Saturday, 29 December 2012
Here we go again...
I thought I had become immune to the incompetence, lack of accountability and most of all, corruption of the Greek state. I thought nothing could surprise me anymore. I thought I knew all about the depth of depravity that the political elite could sink to. This week's events have surprised all of us however.
The recent developments on the issue of the so-called Lagarde list have brought to the fore the whole question of what a state is for, and in particular, the Greek politicians' belief that 'I have been elected and I can consequenly do anything I want, without being accountable to anyone or anything'.
The list was passed to the Greek Finance Ministry by Ms Lagarde in 2010, when Mr Papakonstantinou was Finance Minister. The PASOK government took no action and later claimed to have lost the list. In October of this year when journalist Kostas Vaxevanis published the list he was arrrested and prosecuted. Public anger over this issue has forced the authorities to start examining the details of 2,000 companies and individuals who had accounts in Switzerland and who may not have paid tax on their income.
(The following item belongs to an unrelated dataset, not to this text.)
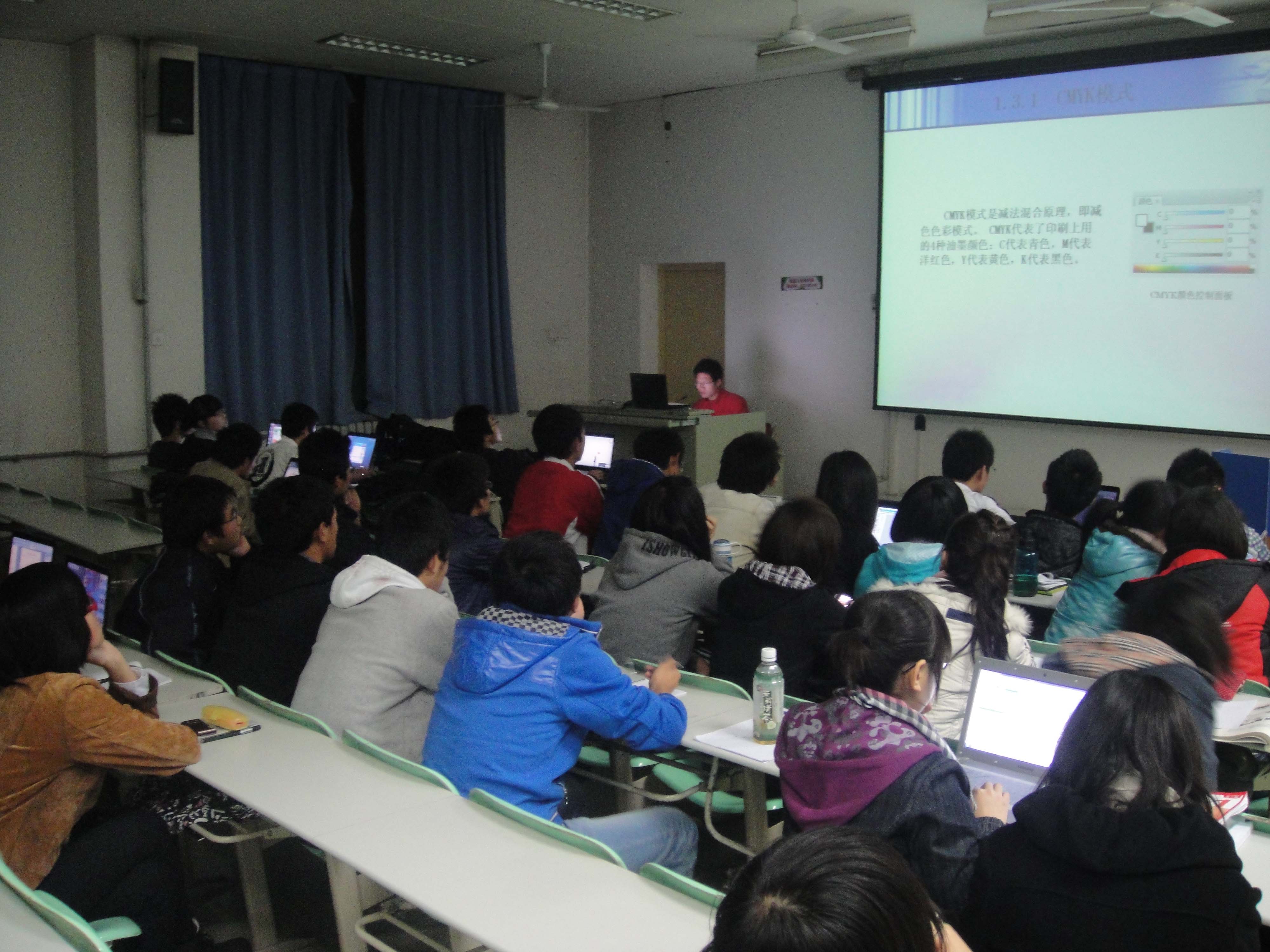 首先由新闻网络部部长肖阳欢迎大家的到来,并向大家介绍关于这次培训的主要目的——希望大家能掌握并熟练运用Photoshop和PowerPoint,为以后的工作打下良好的基础。接下来由新闻网络部副部长史景隆为大家讲幻灯片的相关内容。他首先详细介绍了PowerPoint的界面,使大家对PowerPoint有了一个初步的了解,接下来给大家播放了一件优秀的PPT作品,用PPT做出的精美动画深深地吸引了参加培训人员的目光,充分调动起了与会人员的积极性。然后史景隆逐步详解了这件作品,原本看似复杂的幻灯片经过讲解变得清晰,他向大家强调简单动画的叠加会得到意想不到的效果,以此告知大家在做的时候,要在充分发挥想象力的基础上绝对耐心。在大家热烈的掌声中新闻网络部副部长贾琛上台给大家讲解Photoshop的相关内容,他首先对图像的种类向大家介绍,并说明了不同种类的图片的用途,接下来他通过演示对软件的功能介绍。贾琛先向大家展示了一张用各种水果拼成的人脸的图像,这张新颖的图片令大家好奇究竟是怎么做出来的,顺着大家的好奇他用各种水果一步一步演示了制作过程,整个讲解过程在融洽、欢快的氛围中顺利结束。

The names of two of Mr Papakonstantinou's cousins and their husbands were on the original list (a copy of which was supplied by France last week), but not on the list that the officials had been working with.
Mr Papakonstantinou denies any wrongdoing despite the fact that the only names that were deleted from the list were those of his cousins and despite the fact that the list was handed to him by the French. He also asserts that it must have been Mr Venizelos, the head of PASOK who took the names off the list.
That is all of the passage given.